Originally posted by audiobomber 1. I wonder if there's a human factor involved too, not just the camera? The blur seems to me to be a harmonic disturbance. Harmonics are generated under certain conditions. Change the conditions and the results change. The fact that a good tripod eliminates the problem points to the fact that grip is significant, and so is the 50% margin measured in the test.
2. I am an excellent shot with a rifle. I believe some of that technique also relates to photography. I tested my K-x at 1/60, 1/125 and 1/250s and none exhibited blur. That may be because my camera is different somehow, or maybe I hold the camera differently (softer, harder, looser, steadier?). Or maybe my testing wasn't thorough enough.
3. I suspect someone will use this work to criticize in-body shake reduction.... Fast shutter speed generates oscillation in the sensor, causing blur in the image.

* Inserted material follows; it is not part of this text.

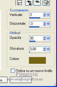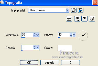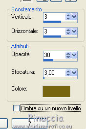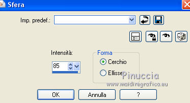 qui puoi trovare qualche risposta ai tuoi dubbi. Se l'argomento che ti interessa non è presente, ti prego di segnalarmelo. Questo tutorial è una creazione di ©Titoune e non può essere copiato su altri siti nè essere offerto per il download. Lo stesso vale per la mia traduzione. Il tutorial è stato creato con Corel17, ma può essere eseguito anche con le altre versioni di PSP. Secondo la versione utilizzata (anteriore a PSP X) potresti ottenere dei risultati differenti. Dalla versione X4, il comando Immagine>Rifletti è stato sostituito con Immagine>Capovolgi in orizzontale, e il comando Immagine>Capovolgi con Immagine>Capovolgi in verticale. Nelle versioni X5 e X6, le funzioni sono state migliorate rendendo disponibile il menu Oggetti. Con il nuovo X7 sono tornati i comandi Rifletti/Capovolgi, ma con nuove differenze. Vedi la scheda sull'argomento qui Per tradurre il tutorial ho usato PSP X. Occorrente: Un tube a scelta. Il resto del materiale qui Filtri in caso di dubbi, ricorda di consultare la mia sezione filtri qui Filters Unlimited 2.0 qui Penta.com - Jeans qui Simple - Top Left Mirror qui I filtri Penta.com e Simple si possono usare da soli o importati in Filters Unlimited (come fare vedi qui) Se un filtro fornito appare con questa icona ![]() 1. Apri una nuova immagine trasparente 750 x 600 pixels. Selezione>Seleziona tutto. Selezione>Modifica>Contrai - 45 pixels. 2. Selezione>Modifica>Seleziona bordature selezione. ![]() 3. Apri l'elemento hpd_CSM_P1 e vai a Modifica>Copia. Torna al tuo lavoro e vai a Modifica>Incolla nella selezione. 4. Effetti>Effetti 3D>Smusso a incasso. ![]() Selezione>Deseleziona. 5. Livelli>Duplica. Immagine>Ridimensiona, al 95%, tutti i livelli non selezionato. 6. Effetti>Effetti geometrici>Sfera. ![]() 7. Selezione>Seleziona tutto. Selezione>Mobile. Selezione>Immobilizza. Selezione>Modifica>Contrai - 5 pixels. Livelli>Nuovo livello raster. 8. Apri l'elemento hpd_CSM_P3 e vai a Modifica>Copia. Torna al tuo lavoro e vai a Modifica>Incolla nella selezione. Selezione>Deseleziona. 9. Effetti>Effetti di distorsione>Onda. ![]() 10. Effetti>Effetti 3D>Sfalsa ombra, colore #786510. ![]() Ripeti l'Effetto Sfalsa ombra, verticale e orizzontale -3. 11. Attiva il livello inferiore. Attiva lo strumento Bacchetta magica ![]() e clicca nella parte esterna per selezionarla. ![]() Selezione>Modifica>Espandi - 5 pixels. 12. Livelli>Nuovo livello raster. Livelli>Disponi>Sposta giù. Apri l'immagine 0d9baa9499dc e vai a Modifica>Copia. Torna al tuo lavoro e vai a Modifica>Incolla nella selezione. 13. Effetti>Effetti di riflesso>Specchio rotante. ![]() Selezione>Deseleziona. 14. Modifica>Incolla come nuovo livello (l'immagine 0d9baa9499dc è sempre in memoria). Livelli>Disponi>Porta sotto. Immagine>Ridimensiona, 1 volta al 50% e 2 volte al 75%, tutti i livelli non selezionato. Regola>Messa a fuoco>Metti a fuoco. Dovresti avere questo. ![]() Sui due livelli immediatamente sopra: Effetti>Effetti 3D>Sfalsa ombra, con i settaggi precedenti. 15. Attiva il livello superiore. Apri l'elemento hpd_CSM_El25 e vai a Modifica>Copia. Torna al tuo lavoro e vai a Modifica>Incolla come nuovo livello. 16. Immagine>Ridimensiona, al 55%, tutti i livelli non selezionato. Spostalo in basso a destra,vedi l'esempio finale. 17. Effetti>Effetti 3D>Sfalsa ombra, colore #786510. ![]() 18. Apri l'elemento hpd_CSM_El26 e vai a Modifica>Copia. Torna al tuo lavoro e vai a Modifica>Incolla come nuovo livello. Immagine>Ridimensiona, al 25%, tutti i livelli non selezionato. Spostalo in basso a destra,vedi l'esempio finale. Effetti>Effetti 3D>Sfalsa ombra, con i settaggi precedenti. 19. Apri l'elemento hpd_CSM_El34 e vai a Modifica>Copia. Torna al tuo lavoro e vai a Modifica>Incolla come nuovo livello. Immagine>Ridimensiona, al 55%, tutti i livelli non selezionato. Spostalo nella parte superiore della cornice.vedi l'esempio finale. Effetti>Effetti 3D>Sfalsa ombra, con i settaggi precedenti. 20. Apri l'elemento hpd_CSM_El14 e vai a Modifica>Copia. Torna al tuo lavoro e vai a Modifica>Incolla come nuovo livello. Immagine>Ridimensiona, al 30%, tutti i livelli non selezionato. Spostalo nel paesaggio.vedi l'esempio finale. Effetti>Effetti 3D>Sfalsa ombra, con i settaggi precedenti. 21. Apri l'elemento hpd_CSM_El27 e vai a Modifica>Copia. Torna al tuo lavoro e vai a Modifica>Incolla come nuovo livello. Immagine>Ridimensiona, al 45%, tutti i livelli non selezionato. Spostalo nella parte inferiore sinistra della cornice.Vedi l'esempio finale. Effetti>Effetti 3D>Sfalsa ombra, con i settaggi precedenti. 22. Apri l'elemento hpd_CSM_El35 e vai a Modifica>Copia. Torna al tuo lavoro e vai a Modifica>Incolla come nuovo livello. Immagine>Rifletti. Immagine>Ridimensiona, al 45%, tutti i livelli non selezionato. Spostalo nella parte inferiore della cornice,vedi l'esempio finale. Effetti>Effetti 3D>Sfalsa ombra, con i settaggi precedenti. 23. Apri l'elemento hpd_CSM_El39 e vai a Modifica>Copia. Torna al tuo lavoro e vai a Modifica>Incolla come nuovo livello. Immagine>Ridimensiona, al 50%, tutti i livelli non selezionato. Spostalo nella parte inferiore della cornice,vedi l'esempio finale. Effetti>Effetti 3D>Sfalsa ombra, con i settaggi precedenti. 24. Apri l'elemento hpd_CSM_El42 e vai a Modifica>Copia. Torna al tuo lavoro e vai a Modifica>Incolla come nuovo livello. Immagine>Ridimensiona, al 30%, tutti i livelli non selezionato. Spostalo nella parte inferiore della cornice,vedi l'esempio finale. Effetti>Effetti 3D>Sfalsa ombra, con i settaggi precedenti. 25. Apri l'elemento hpd_CSM_El43 e vai a Modifica>Copia. Torna al tuo lavoro e vai a Modifica>Incolla come nuovo livello. Immagine>Ridimensiona, al 20%, tutti i livelli non selezionato. Spostalo in basso a destra,vedi l'esempio finale. Effetti>Effetti 3D>Sfalsa ombra, con i settaggi precedenti. 26. Apri l'elemento hpd_CSM_El2 e vai a Modifica>Copia. Torna al tuo lavoro e vai a Modifica>Incolla come nuovo livello. Immagine>Ridimensiona, al 35%, tutti i livelli non selezionat

Ad 1. We managed to specify a testing situation exactly reproducing the effect but eliminating any human factor.
Grip won't help except if you have a veteran iron hand. The shutter moves the body by only ~10µm. The human skin is too soft and too thick to do anything against, whatever be your grip.
Ad 2. We made no statement about the K-x. And yes, thorough testing was what was missing prior to our work.

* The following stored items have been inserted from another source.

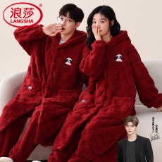 浪莎珊瑚绒睡袍女款冬季加厚加绒红色睡衣新婚情侣套装男士家居服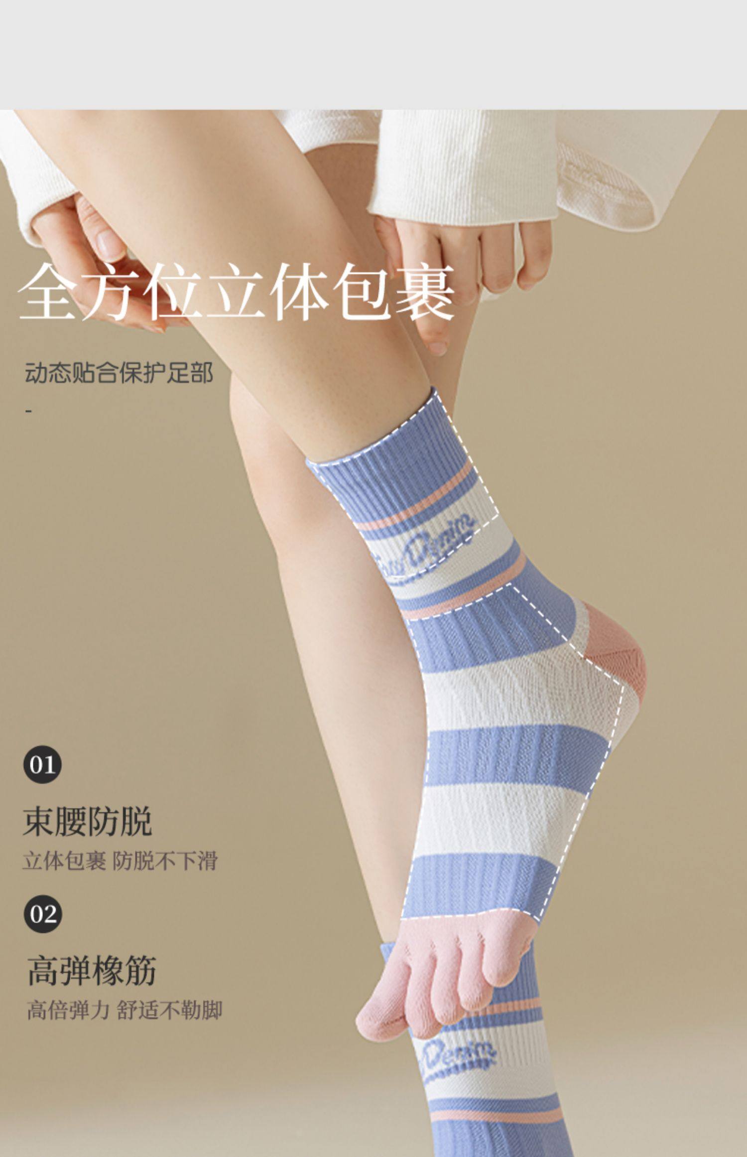 五指襪子女專業運動壓力襪健身跑步中筒襪普拉提瑜珈防滑分趾襪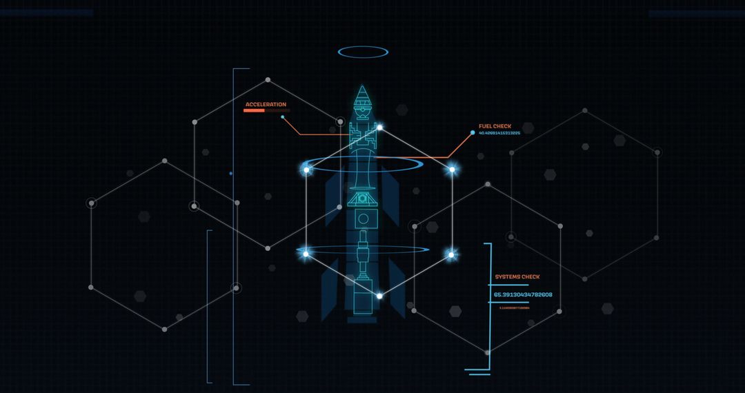 Futuristic digital display showing a rocket with interconnected hexagonal network and data nodes, emphasizing technology and innovation. Ideal for illustrating concepts related to technological advancement, data integration, sci-fi futurescapes, and aerospace engineering presentations.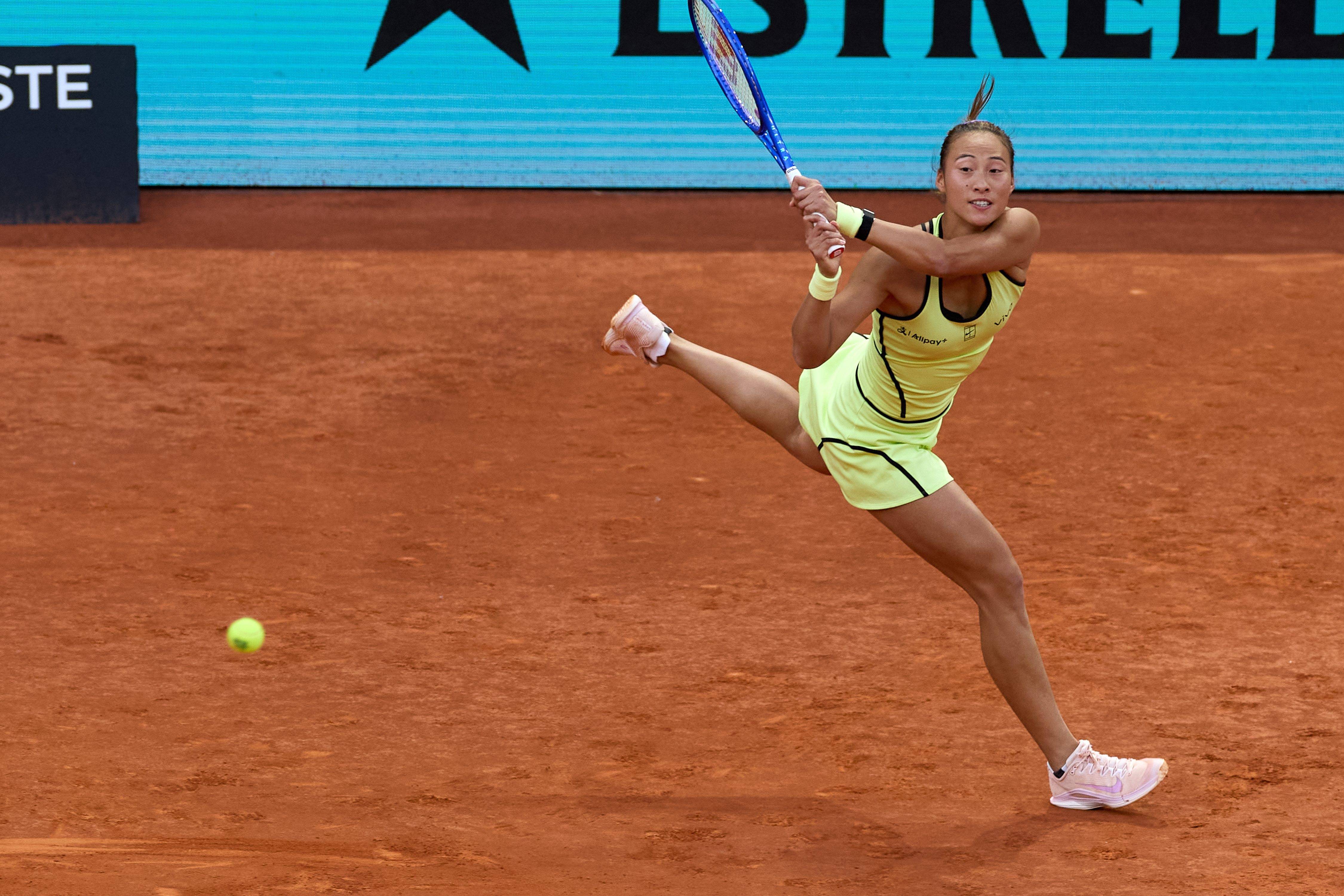 4月26日,郑钦文在比赛中回球。新华社记者 程敏 摄面对赛会二号种子、世界排名第二的哈萨克斯坦名将莱巴金娜,郑钦文在首盘占据主动,在第五局破发后一路领先,以6:4先下一盘。

Ad 3. Yes, but we express the opposite opinion wherever we can. In-body shake reduction is great actually because theoretically it could counteract any shutter blur effect. The K-7 probably can't because the required frequencies are 10x higher. But it could be done in theory so the in-body SR approach is superior.
Originally posted by Class A P.P.S.: Pentax needs to start selling "Class A" tripods. Surely people will buy more of these now. Looking at my username, perhaps I should start selling them?
A 120mm x 60mm x 50mm thick iron plate with a tripod screw and a tripod hole upgrades any tripod to a class A tripod (it should reduce blur width from max. 11µm to max. 3µm and make it neglegible). It will help in muscle building too when shooting free hand
Selling them is a good idea. Shipping cost may be a little high though
Originally posted by cfraz Falk, you referred to a "static offset" blur component. If I interpret your charts correctly, it looks to cause on the order of 1px blur. Any thoughts as to it's origin?
Also, did you make any measurements with the camera in portrait orientation? One would expect the extraneous blur component to be midway between the 0 degree and 180 degree results, no?
You need to read the paper on Image Sharpness. In a nutshell: The static blur offset expresses the fact that even a
perfect image has blurred edges and you want them blurred to avoid the stair case effect on tilted lines. Moreover, no image is perfect in practice and there will always be significant blur in an image unrelated to shake.
Yes, we assume portrait orientation to be slightly worse than landscape but didn't measure it.
Originally posted by Eruditass I don't see how this changes the observation that SR was ineffective above 1/100s? Unless your data was simply extrapolated from 1/100s.
It does change the observation. The data wasn't simply extrapolated but at higher shutter speeds, shake became too small to be measurable exactly enough to differentiate. Except for very long focal lengths. And this is exactly how this study was started: by doing a 300mm measurement, first by Rüdiger, then by myself. So, we found it isn't SR but something else and continued to hunt it down.
Next will be to update the SR guide. It is too pessimistic for shutter speeds < 1/200s and long focal lengths.
Originally posted by Gimbal At least the K10 (and probably every other Pentax as well) has the sensor plate pressed between a sort of ball bearings. With this method they make sure that the sensor does not move in any other direction then the up/down left/right plane. But it also means that there is mechanical friction involved.
a simple PD regulator (but that is, as I understand it, only speculation from Lumolabs?)
The PD controller is our speculation. We had to assume some implementation to make quantitative statements if it could be involved in all of this. A variant of a PD controller was deemed to be the most likely implementation.
Friction may or may not be involved. But note that this alone wouldn't explain the difference between K20D and K-7.